New issue
Advanced search Search tips
Note: Color blocks (like or ) mean that a user may not be available. Tooltip shows the reason.

Issue 621317 link

Starred by 3 users

Issue metadata

Status: WontFix
Owner:
Closed: Dec 2016
Cc:
Components:
EstimatedDays: ----
NextAction: ----
OS: Chrome
Pri: 2
Type: Bug

Blocking:
issue 621136



Sign in to add a comment

discrepancy between staged.timestamp and test job's view of staging time

Project Member Reported by akes...@chromium.org, Jun 18 2016

Issue description

Extracted from crbug.com/621136

dshi writes:
I can't explain this.

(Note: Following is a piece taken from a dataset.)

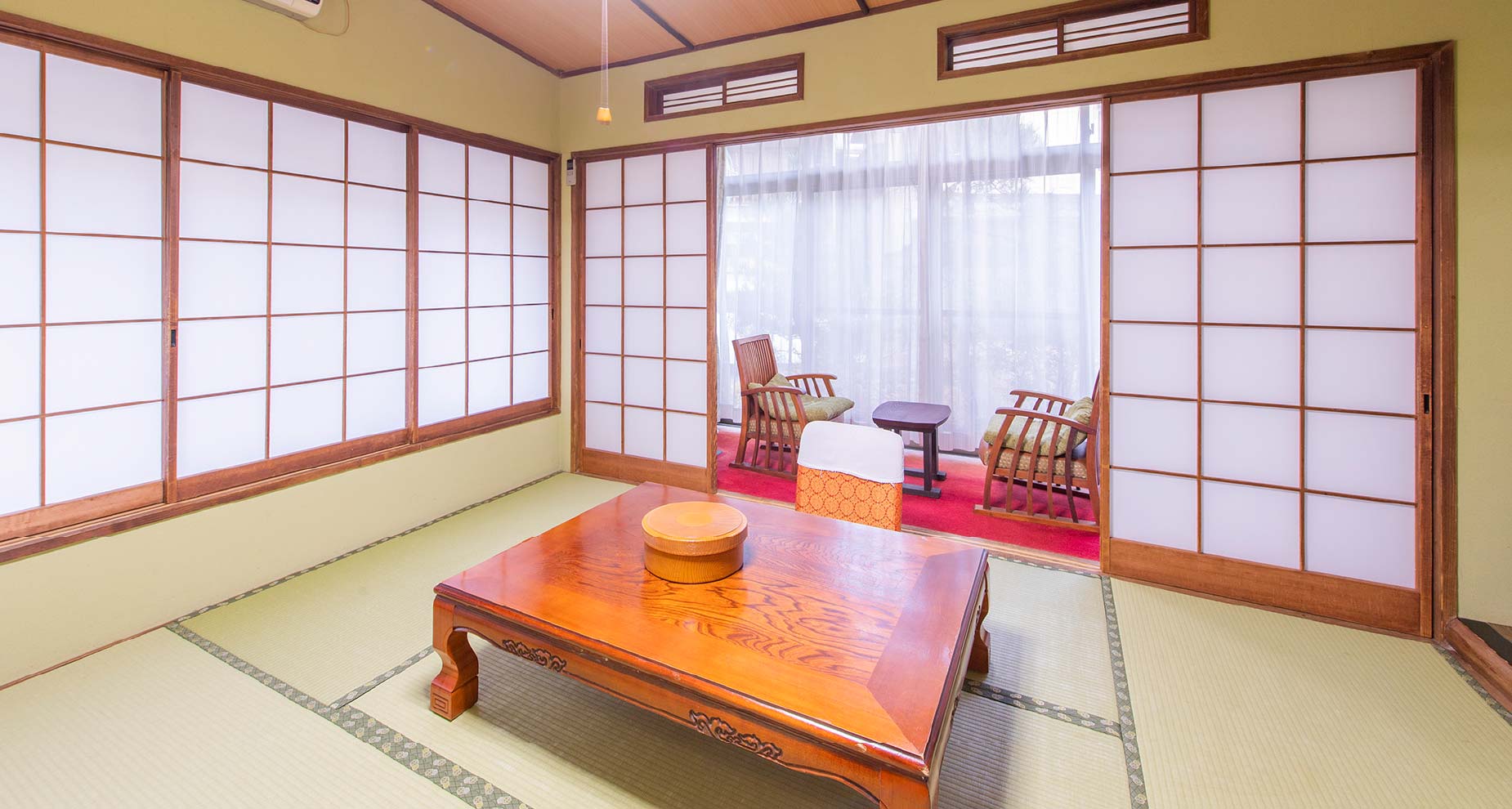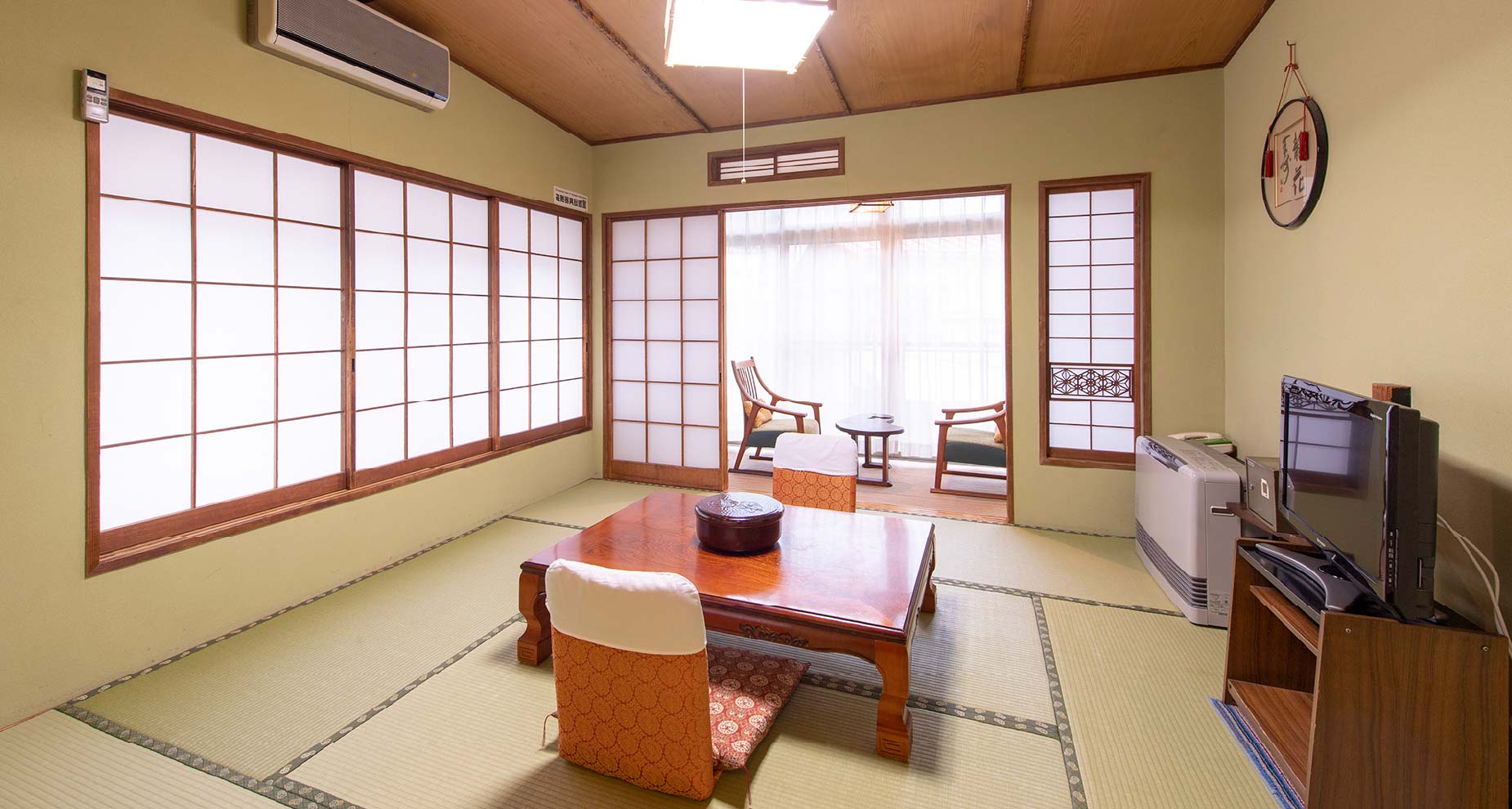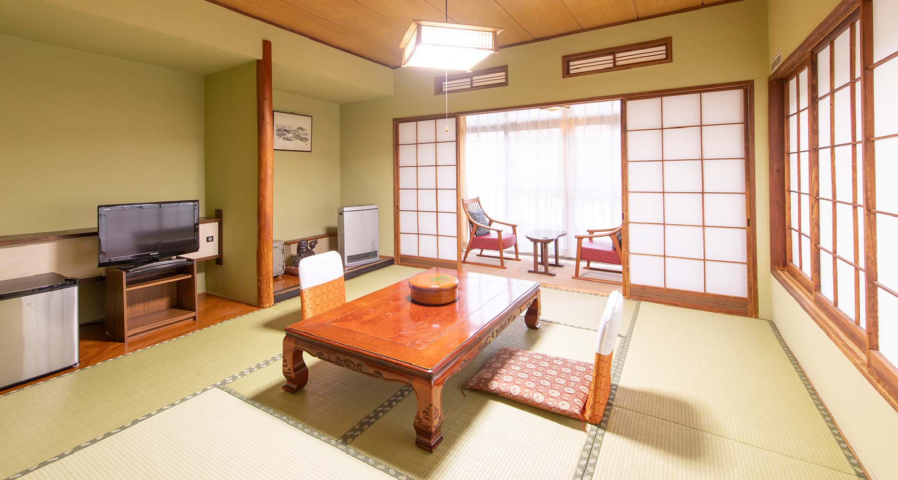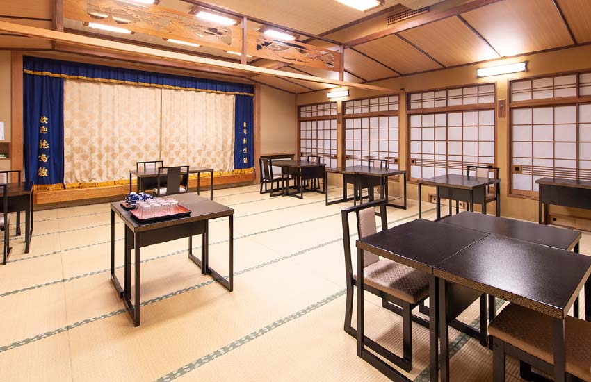 お食事処は、テーブルとイスをご用意しています。足や腰があまり良くないお客様もご安心ください。広間は宴会場としてもご利用いただけます。

From the image folder:
chromeos-test@chromeos2-devserver5:~/images/lumpy-paladin/R53-8466.0.0-rc2$ ll
total 1173036
drwxr-xr-x 8 chromeos-test chromeos-test      4096 Jun 17 15:18 autotest
-rw-r--r-- 1 chromeos-test chromeos-test 382709760 Jun 17 15:18 autotest_packages.tar
-rw-r--r-- 1 chromeos-test chromeos-test   2734080 Jun 17 13:51 control_files.tar
-rw-r--r-- 1 chromeos-test chromeos-test         0 Jun 17 13:54 staged.timestamp
-rw-r--r-- 1 chromeos-test chromeos-test 264100342 Jun 17 13:54 stateful.tgz
-rw-r--r-- 1 chromeos-test chromeos-test     27835 Jun 17 13:51 test_suites.tar.bz2
-rw-r--r-- 1 chromeos-test chromeos-test 551591990 Jun 17 13:54 update.gz
-rw-r--r-- 1 chromeos-test chromeos-test       183 Jun 17 15:19 update.meta

staged.timestamp shows the staging completed at 13:54
However, the test log show stage didn't complete until 15:24
06/17 15:24:45.823 INFO |        dev_server:0961| Finished staging artifacts: build=lumpy-paladin/R53-8466.0.0-rc2, artifacts=['full_payload', 'stateful', 'autotest_packages'], files=, archive_url=gs://chromeos-image-archive/lumpy-paladin/R53-8466.0.0-rc2

Need to look into devserver code more.
 
Blocking: 621136
I'm seeing another occurrence of something like this.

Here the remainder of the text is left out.